[What is required] The material below holds pictures; leave them out and reproduce exactly the lines from the one with "麻酔覚醒直後に寄り添うスタッ" through the one with "diameter rod. |", inclusive.

[Data to examine]
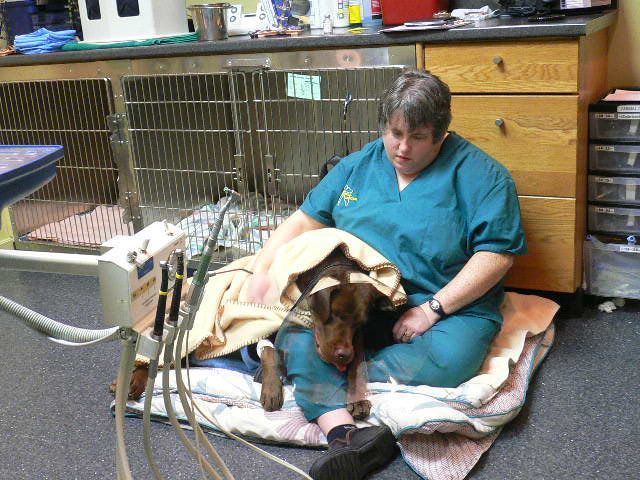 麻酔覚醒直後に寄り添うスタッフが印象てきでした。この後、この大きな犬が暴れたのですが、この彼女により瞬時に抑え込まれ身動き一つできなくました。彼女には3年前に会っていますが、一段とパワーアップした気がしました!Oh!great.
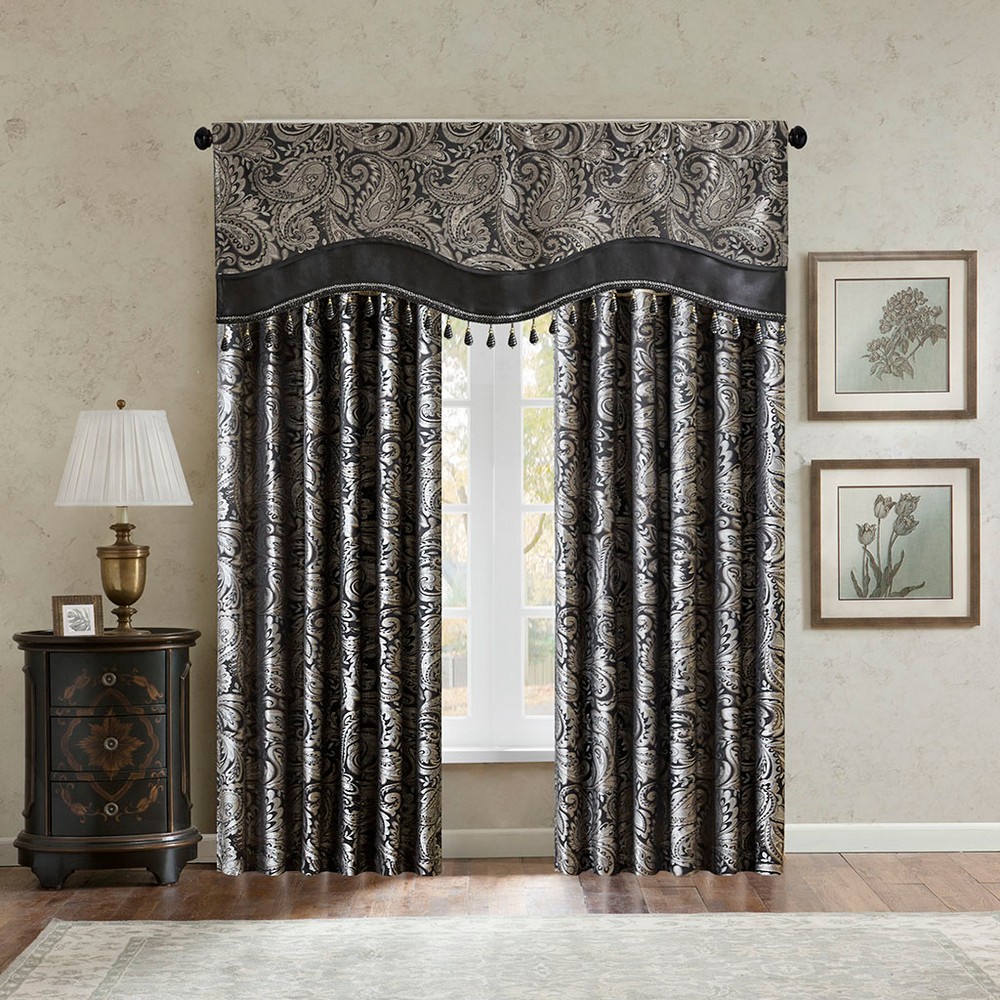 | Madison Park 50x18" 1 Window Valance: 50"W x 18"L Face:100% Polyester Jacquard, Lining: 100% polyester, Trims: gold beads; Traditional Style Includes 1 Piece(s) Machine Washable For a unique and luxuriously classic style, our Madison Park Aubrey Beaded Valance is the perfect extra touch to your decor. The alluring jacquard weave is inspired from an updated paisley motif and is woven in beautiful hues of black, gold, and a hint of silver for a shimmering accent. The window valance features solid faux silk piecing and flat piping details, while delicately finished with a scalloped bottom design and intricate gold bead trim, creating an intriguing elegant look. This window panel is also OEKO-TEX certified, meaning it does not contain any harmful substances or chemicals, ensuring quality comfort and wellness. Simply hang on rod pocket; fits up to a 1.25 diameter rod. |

* * *

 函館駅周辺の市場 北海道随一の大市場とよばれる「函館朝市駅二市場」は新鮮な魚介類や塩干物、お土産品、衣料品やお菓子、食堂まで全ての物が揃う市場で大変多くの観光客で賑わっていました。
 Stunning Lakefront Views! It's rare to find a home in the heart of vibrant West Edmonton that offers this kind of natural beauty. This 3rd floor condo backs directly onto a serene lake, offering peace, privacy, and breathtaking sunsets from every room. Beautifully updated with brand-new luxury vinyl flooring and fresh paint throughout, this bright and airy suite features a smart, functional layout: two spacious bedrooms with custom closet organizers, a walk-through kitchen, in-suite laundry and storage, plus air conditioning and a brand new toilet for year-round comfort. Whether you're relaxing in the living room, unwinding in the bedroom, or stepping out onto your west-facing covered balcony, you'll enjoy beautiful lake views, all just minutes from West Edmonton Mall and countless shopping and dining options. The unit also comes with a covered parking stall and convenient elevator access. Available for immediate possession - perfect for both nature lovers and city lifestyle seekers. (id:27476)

==

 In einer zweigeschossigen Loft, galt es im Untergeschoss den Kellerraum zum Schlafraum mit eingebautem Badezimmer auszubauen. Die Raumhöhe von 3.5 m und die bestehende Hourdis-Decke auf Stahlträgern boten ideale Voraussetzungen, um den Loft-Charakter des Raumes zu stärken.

[Solution]
 麻酔覚醒直後に寄り添うスタッフが印象てきでした。この後、この大きな犬が暴れたのですが、この彼女により瞬時に抑え込まれ身動き一つできなくました。彼女には3年前に会っていますが、一段とパワーアップした気がしました!Oh!great.
 | Madison Park 50x18" 1 Window Valance: 50"W x 18"L Face:100% Polyester Jacquard, Lining: 100% polyester, Trims: gold beads; Traditional Style Includes 1 Piece(s) Machine Washable For a unique and luxuriously classic style, our Madison Park Aubrey Beaded Valance is the perfect extra touch to your decor. The alluring jacquard weave is inspired from an updated paisley motif and is woven in beautiful hues of black, gold, and a hint of silver for a shimmering accent. The window valance features solid faux silk piecing and flat piping details, while delicately finished with a scalloped bottom design and intricate gold bead trim, creating an intriguing elegant look. This window panel is also OEKO-TEX certified, meaning it does not contain any harmful substances or chemicals, ensuring quality comfort and wellness. Simply hang on rod pocket; fits up to a 1.25 diameter rod. |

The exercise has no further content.